-- Extracted data follows --

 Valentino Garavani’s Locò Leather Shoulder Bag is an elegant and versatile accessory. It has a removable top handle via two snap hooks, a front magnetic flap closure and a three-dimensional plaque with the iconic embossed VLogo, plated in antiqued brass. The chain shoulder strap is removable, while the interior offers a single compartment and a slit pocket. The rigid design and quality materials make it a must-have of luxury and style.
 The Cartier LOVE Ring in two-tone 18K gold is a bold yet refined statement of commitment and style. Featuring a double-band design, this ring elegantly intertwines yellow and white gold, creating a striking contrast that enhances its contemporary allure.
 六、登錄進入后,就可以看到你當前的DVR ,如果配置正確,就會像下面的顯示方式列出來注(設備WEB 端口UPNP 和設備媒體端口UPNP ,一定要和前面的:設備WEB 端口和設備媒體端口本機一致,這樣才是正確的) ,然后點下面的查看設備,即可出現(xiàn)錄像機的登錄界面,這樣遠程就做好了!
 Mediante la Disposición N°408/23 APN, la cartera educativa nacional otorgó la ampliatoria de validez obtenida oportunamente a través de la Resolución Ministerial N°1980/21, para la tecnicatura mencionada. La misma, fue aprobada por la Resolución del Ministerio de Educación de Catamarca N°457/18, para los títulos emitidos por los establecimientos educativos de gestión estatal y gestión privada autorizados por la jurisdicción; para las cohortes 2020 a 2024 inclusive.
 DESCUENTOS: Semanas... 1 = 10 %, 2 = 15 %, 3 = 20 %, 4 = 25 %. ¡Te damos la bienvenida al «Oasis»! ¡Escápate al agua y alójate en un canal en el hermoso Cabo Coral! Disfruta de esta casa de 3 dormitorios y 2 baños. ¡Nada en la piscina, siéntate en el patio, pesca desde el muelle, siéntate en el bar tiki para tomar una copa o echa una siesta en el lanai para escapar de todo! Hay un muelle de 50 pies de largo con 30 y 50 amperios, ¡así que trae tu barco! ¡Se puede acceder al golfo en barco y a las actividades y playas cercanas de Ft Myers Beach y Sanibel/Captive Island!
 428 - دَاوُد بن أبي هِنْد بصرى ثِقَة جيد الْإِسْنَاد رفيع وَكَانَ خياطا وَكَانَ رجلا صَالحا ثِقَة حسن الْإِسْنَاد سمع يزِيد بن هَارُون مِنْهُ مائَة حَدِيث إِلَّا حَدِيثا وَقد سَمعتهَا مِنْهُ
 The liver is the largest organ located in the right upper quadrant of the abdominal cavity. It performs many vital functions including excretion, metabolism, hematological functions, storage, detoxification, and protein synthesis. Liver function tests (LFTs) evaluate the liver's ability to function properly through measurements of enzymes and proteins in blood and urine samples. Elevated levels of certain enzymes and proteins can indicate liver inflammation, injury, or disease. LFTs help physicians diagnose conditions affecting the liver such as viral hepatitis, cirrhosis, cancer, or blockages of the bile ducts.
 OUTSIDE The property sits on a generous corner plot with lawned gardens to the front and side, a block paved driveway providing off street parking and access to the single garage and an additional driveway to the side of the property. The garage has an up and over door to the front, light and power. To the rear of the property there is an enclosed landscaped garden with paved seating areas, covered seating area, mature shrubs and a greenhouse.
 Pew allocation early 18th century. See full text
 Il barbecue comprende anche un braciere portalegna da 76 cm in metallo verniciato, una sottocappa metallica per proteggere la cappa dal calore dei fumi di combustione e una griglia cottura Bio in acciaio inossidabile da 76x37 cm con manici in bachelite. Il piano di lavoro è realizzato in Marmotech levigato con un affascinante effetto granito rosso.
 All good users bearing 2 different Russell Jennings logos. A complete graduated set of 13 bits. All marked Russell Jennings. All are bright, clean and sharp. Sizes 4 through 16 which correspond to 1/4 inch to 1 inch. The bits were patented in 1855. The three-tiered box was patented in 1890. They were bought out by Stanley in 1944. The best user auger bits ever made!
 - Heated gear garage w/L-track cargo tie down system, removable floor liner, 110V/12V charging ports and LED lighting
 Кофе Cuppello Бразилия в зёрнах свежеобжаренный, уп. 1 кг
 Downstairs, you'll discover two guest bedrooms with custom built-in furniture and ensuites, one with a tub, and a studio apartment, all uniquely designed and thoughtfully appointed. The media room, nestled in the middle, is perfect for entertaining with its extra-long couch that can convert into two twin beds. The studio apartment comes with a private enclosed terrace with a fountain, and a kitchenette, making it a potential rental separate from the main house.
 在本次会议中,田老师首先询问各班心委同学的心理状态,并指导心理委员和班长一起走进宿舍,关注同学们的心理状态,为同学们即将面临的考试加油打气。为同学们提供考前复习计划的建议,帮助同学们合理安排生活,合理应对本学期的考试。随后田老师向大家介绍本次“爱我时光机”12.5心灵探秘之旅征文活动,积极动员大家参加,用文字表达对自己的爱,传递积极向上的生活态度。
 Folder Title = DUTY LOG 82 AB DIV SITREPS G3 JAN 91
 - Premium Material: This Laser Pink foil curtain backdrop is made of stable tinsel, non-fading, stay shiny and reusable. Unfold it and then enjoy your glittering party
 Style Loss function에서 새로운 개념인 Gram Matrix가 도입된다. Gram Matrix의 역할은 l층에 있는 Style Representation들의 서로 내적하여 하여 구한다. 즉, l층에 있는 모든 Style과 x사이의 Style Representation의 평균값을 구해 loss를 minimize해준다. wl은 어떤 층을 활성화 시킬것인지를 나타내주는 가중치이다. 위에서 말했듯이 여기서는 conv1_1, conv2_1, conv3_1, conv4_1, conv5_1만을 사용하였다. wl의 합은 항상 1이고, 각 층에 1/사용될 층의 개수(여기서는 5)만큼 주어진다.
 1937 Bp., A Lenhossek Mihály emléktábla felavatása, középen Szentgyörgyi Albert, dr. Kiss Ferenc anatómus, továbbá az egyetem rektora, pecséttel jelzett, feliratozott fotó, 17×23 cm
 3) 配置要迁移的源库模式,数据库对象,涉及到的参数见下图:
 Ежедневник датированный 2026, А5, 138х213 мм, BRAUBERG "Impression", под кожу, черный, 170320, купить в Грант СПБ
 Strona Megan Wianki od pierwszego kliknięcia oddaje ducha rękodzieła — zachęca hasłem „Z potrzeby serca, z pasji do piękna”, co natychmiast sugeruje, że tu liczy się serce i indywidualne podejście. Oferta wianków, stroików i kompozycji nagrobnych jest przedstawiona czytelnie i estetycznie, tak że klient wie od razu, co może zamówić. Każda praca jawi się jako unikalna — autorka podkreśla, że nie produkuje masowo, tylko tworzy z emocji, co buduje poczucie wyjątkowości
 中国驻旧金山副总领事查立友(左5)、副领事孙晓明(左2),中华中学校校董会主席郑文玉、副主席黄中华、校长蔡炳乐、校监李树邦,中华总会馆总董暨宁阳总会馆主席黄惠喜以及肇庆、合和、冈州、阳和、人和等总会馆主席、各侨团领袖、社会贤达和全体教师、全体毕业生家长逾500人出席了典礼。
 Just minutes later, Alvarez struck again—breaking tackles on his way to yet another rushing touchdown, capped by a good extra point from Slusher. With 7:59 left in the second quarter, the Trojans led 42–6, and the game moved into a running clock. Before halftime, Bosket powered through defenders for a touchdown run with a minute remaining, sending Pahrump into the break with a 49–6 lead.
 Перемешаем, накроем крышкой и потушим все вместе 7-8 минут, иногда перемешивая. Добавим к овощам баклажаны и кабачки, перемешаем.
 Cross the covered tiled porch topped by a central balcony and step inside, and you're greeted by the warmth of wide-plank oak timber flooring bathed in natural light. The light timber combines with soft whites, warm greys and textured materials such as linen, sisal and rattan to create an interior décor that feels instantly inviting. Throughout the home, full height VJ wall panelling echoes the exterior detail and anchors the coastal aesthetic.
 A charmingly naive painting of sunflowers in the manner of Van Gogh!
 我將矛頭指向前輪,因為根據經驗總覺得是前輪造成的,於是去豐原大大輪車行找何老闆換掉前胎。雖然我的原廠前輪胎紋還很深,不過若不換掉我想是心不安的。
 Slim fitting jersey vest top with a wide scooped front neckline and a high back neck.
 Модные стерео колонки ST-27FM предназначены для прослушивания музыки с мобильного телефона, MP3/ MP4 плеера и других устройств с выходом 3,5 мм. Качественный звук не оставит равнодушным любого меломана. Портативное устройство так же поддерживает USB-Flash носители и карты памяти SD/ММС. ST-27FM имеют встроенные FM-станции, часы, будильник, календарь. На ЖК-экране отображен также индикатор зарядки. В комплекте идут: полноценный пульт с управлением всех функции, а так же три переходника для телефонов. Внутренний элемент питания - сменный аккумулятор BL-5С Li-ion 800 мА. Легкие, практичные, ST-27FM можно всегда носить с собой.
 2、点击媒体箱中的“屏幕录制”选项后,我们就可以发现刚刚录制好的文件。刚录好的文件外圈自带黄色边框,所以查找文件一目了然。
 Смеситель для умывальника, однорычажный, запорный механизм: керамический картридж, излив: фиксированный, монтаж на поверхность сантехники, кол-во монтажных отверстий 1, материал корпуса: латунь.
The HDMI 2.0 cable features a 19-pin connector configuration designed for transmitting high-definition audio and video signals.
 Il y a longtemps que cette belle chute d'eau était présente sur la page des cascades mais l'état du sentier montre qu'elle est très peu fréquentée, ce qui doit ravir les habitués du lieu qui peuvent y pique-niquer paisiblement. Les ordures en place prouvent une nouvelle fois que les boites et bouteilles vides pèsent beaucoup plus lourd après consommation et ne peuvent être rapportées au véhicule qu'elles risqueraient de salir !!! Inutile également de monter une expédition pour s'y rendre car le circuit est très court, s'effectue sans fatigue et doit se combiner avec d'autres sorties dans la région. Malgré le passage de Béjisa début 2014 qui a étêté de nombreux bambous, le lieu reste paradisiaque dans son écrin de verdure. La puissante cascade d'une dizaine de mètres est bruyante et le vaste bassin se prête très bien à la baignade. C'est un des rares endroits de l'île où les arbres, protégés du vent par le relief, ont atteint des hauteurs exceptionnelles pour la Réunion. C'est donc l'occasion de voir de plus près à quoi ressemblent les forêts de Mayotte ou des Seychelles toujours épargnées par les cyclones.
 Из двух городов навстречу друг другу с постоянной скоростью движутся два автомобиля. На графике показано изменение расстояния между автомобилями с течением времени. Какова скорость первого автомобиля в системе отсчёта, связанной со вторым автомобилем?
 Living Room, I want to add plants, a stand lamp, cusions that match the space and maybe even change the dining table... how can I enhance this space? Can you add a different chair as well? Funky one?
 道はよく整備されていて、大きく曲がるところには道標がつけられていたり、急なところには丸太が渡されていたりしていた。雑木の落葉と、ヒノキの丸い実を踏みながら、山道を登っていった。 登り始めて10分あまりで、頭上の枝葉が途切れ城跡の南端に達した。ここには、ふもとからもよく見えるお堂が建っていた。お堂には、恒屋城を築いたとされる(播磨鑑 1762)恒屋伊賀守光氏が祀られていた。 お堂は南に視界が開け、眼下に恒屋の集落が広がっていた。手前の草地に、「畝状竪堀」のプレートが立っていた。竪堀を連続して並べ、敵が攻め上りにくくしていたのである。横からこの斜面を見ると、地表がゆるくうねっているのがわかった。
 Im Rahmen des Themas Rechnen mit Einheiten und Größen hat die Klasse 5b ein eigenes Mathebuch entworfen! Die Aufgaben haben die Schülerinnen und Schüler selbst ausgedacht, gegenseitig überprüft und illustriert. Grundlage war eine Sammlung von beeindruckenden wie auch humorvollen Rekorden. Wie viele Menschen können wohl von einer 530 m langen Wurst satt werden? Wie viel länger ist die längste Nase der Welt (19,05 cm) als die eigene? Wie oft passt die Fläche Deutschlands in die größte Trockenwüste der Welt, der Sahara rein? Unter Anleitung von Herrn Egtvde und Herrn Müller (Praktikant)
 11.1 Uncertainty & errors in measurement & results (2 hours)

-- Extracted data concluded --

The lines needed run from the first line of the data through the line containing "六、登錄進入后,就可以看到你當前的DVR ,如果配置正確,就會像下面的顯示方式列出來注(設備WEB 端口UPNP"; give them again exactly and nothing else.

 Valentino Garavani’s Locò Leather Shoulder Bag is an elegant and versatile accessory. It has a removable top handle via two snap hooks, a front magnetic flap closure and a three-dimensional plaque with the iconic embossed VLogo, plated in antiqued brass. The chain shoulder strap is removable, while the interior offers a single compartment and a slit pocket. The rigid design and quality materials make it a must-have of luxury and style.
 The Cartier LOVE Ring in two-tone 18K gold is a bold yet refined statement of commitment and style. Featuring a double-band design, this ring elegantly intertwines yellow and white gold, creating a striking contrast that enhances its contemporary allure.
 六、登錄進入后,就可以看到你當前的DVR ,如果配置正確,就會像下面的顯示方式列出來注(設備WEB 端口UPNP 和設備媒體端口UPNP ,一定要和前面的:設備WEB 端口和設備媒體端口本機一致,這樣才是正確的) ,然后點下面的查看設備,即可出現(xiàn)錄像機的登錄界面,這樣遠程就做好了!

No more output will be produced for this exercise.